DATA EXTRACTS Start Marker

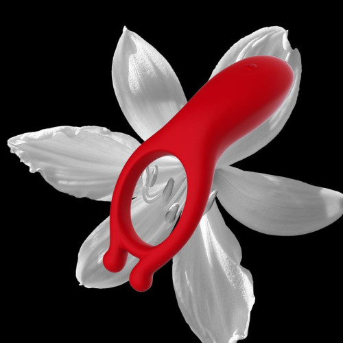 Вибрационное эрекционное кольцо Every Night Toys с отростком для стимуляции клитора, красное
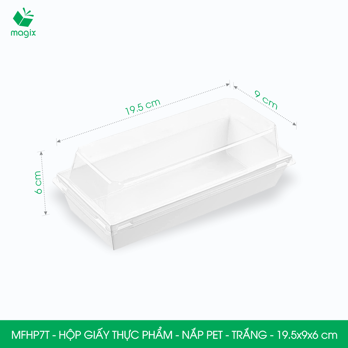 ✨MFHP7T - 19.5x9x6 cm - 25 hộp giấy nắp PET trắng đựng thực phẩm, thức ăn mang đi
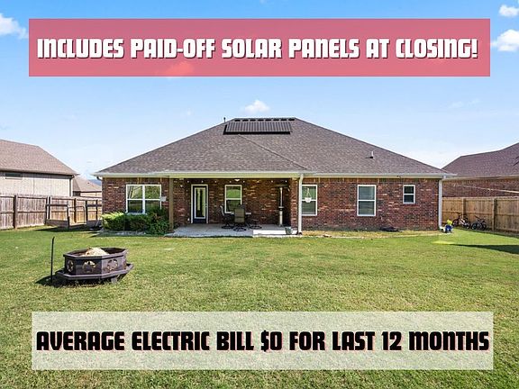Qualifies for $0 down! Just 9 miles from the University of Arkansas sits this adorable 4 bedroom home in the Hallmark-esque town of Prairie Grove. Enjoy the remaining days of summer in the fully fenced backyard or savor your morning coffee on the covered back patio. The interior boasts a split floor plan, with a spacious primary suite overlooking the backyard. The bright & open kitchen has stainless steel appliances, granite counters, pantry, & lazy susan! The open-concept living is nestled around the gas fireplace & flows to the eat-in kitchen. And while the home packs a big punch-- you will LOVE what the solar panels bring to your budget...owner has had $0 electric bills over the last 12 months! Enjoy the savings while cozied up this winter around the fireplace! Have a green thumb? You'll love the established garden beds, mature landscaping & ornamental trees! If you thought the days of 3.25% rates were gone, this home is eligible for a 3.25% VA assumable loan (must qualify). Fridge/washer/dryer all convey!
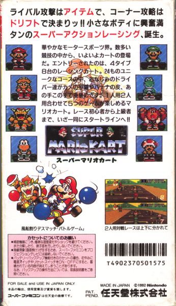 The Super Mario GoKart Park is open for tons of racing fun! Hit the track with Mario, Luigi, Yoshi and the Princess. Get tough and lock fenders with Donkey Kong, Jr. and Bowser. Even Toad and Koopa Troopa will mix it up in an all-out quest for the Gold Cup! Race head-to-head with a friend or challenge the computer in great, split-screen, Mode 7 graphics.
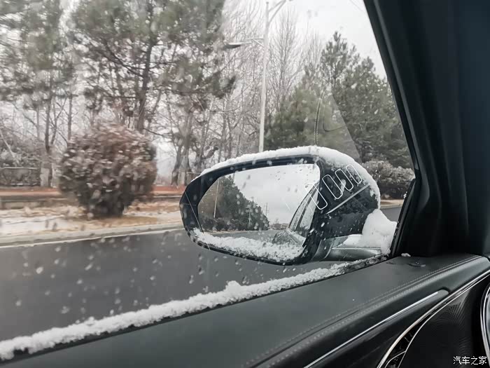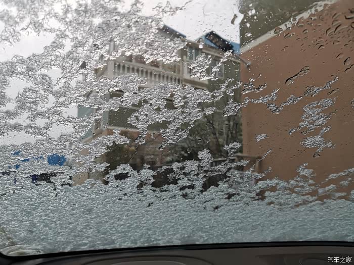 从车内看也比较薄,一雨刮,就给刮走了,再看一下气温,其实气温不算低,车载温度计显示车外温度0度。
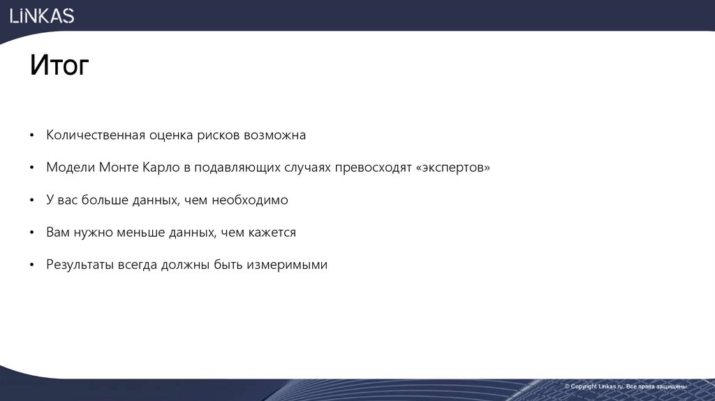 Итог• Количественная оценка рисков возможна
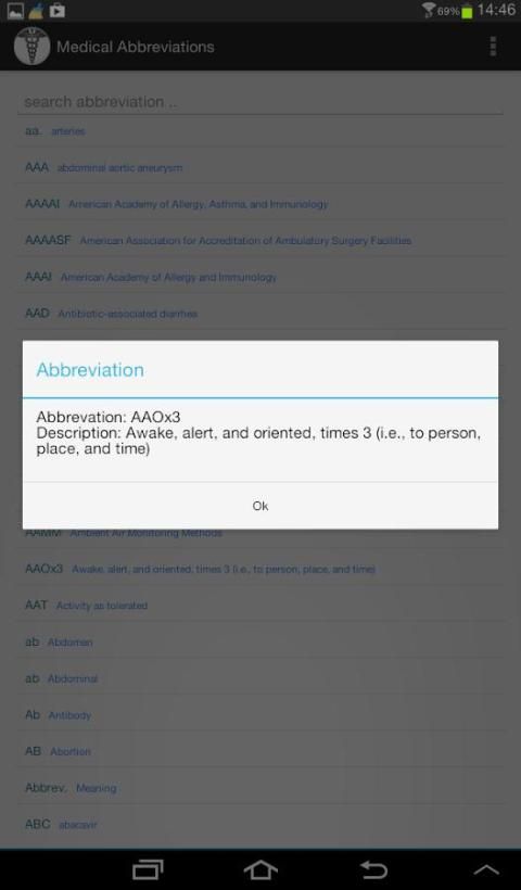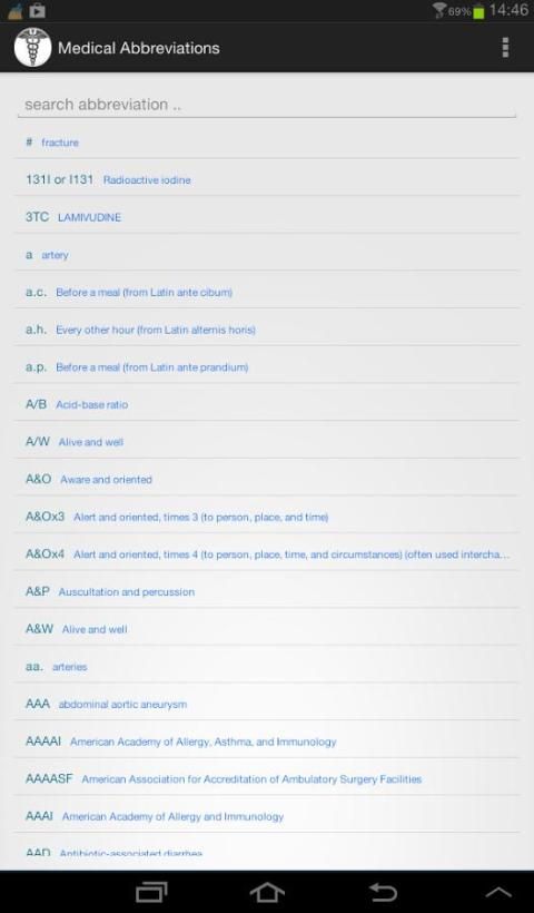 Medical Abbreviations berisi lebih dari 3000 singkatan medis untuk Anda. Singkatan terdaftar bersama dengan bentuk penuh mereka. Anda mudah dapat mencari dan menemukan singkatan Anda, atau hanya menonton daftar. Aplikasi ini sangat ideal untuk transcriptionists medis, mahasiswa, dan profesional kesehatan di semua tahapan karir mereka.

DATA EXTRACTS End Marker

* [WHAT TO WORK ON] Leave out the pictures, and write out exactly the lines from the line containing "从车内看也比较薄,一雨刮,就" through the end of the records above.

* [ANSWER FOR THE TASK]
 从车内看也比较薄,一雨刮,就给刮走了,再看一下气温,其实气温不算低,车载温度计显示车外温度0度。
 Итог• Количественная оценка рисков возможна
 Medical Abbreviations berisi lebih dari 3000 singkatan medis untuk Anda. Singkatan terdaftar bersama dengan bentuk penuh mereka. Anda mudah dapat mencari dan menemukan singkatan Anda, atau hanya menonton daftar. Aplikasi ini sangat ideal untuk transcriptionists medis, mahasiswa, dan profesional kesehatan di semua tahapan karir mereka.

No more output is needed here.